Benefits of Digital Media Sales

Digital media plays a critical role in shaping consumer buying behavior. From researching products and services through online reviews before making purchase decisions to price-shopping, taking advantage of digital coupons and online discounts, finding local deals in the real world and calling local businesses directly from a digital ad using click-to-call capabilities, digital media has changed dramatically in the past several years.

Beginning as static advertisements akin to their print counterparts, digital media has become interactive, adaptable, consumer-centric advertising that meets consumers across touch points and caters to in-the-moment needs and desires. Google refers to this as micro-moments and has based many recent improvements to the AdWords platform on enabling advertisers to meet consumers in these micro-moments.

On the publisher side, digital media sales enables brands to monetize their digital properties. In the modern digital world, every brand is a publisher, but digital media properties are no longer merely a cost center.

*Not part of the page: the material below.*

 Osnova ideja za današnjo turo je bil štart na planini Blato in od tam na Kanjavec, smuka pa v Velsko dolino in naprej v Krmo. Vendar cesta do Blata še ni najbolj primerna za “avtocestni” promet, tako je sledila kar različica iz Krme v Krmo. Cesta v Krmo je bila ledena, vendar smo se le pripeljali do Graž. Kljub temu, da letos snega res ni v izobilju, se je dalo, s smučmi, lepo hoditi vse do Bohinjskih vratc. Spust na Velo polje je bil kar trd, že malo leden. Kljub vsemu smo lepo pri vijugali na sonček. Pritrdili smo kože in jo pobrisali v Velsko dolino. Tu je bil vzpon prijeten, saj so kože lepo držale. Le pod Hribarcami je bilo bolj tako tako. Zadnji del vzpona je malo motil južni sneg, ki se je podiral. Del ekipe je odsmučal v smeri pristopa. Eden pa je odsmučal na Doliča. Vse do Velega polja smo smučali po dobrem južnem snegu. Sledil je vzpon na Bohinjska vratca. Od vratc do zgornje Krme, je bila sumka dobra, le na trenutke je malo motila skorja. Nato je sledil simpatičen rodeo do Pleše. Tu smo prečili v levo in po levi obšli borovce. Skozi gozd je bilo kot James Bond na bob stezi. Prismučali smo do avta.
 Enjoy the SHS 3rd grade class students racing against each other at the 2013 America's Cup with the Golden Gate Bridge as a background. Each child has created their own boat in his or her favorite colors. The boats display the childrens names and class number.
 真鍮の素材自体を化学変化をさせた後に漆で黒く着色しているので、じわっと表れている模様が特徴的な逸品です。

Instead, digital media sales provides an avenue for turning blogs, websites, digital magazines, and virtually any digital content into a profit center rather than an expense, a welcome opportunity for brands that embrace the role of digital publishing in informing and engaging consumers, enhancing brand awareness and loyalty, and increasing sales.

Best Practices in Selling Digital Media

Digital media sales is a complex field, requiring professionals proficient in relationship sales coupled with the ability to learn and adapt to new technologies readily, as technology is ever-changing in digital media. Digital publishers, particularly startups, sometimes expect editorial staff to handle sales functions, but these organizations are best served by enlisting a professional digital sales executive to coordinate and manage the sales process. Editorial staff are critical for ensuring the quality of content, but digital media sales executives are equally as important for ensuring profitability.

Building a professional sales force with clearly defined roles and responsibilities is key for any publisher, as well as an ongoing process for identifying and targeting potential advertisers. Standardizing rates and sales routines is important for creating a consistent client experience with advertisers and maintaining key relationships, even through transitions such as staff changes or shifts in editorial focus that may impact relevance.

For digital media sales professionals, Julie Clark outlines five essential best practices for closing digital ad sales at iMedia Connection:

  1. Listen: Ask the right questions, do the right research, and listen to responses to uncover the client’s overall strategy, goals, and key metrics.
  2. Say no when it’s warranted: Often, clients are loyal to traditional advertising strategies simply because they aren’t aware of the capabilities of digital media. When it’s in the best interest of the client, proposing effective digital alternative approaches can result in lasting relationships and exceptional results.
  3. Educate: Education is a big part of the role of any sales professional, and this is perhaps even more critical in digital media sales as advertisers aren’t always up-to-date on the latest advancements in digital media that can improve measurement, reduce advertising costs, and offer other benefits to both the publisher and advertiser.
  4. Become a part of the solution: Advertisers are often working with a large ecosystem of media buyers and planners, in addition to technology partners. Again, asking the right questions to uncover gaps and needs that your solution can fill is an effective way to build trust and develop valuable relationships.
  5. Know when to throw in the towel: Don’t get caught up in chasing “unicorns,” as Clark describes, but focus on building lasting partnerships with clients who appreciate your offerings and are getting results. Digital sales reps are often inspired with the winning approach for sought-after prospects while their attention is focused elsewhere. Learning how to optimize your time is key for any sales professional.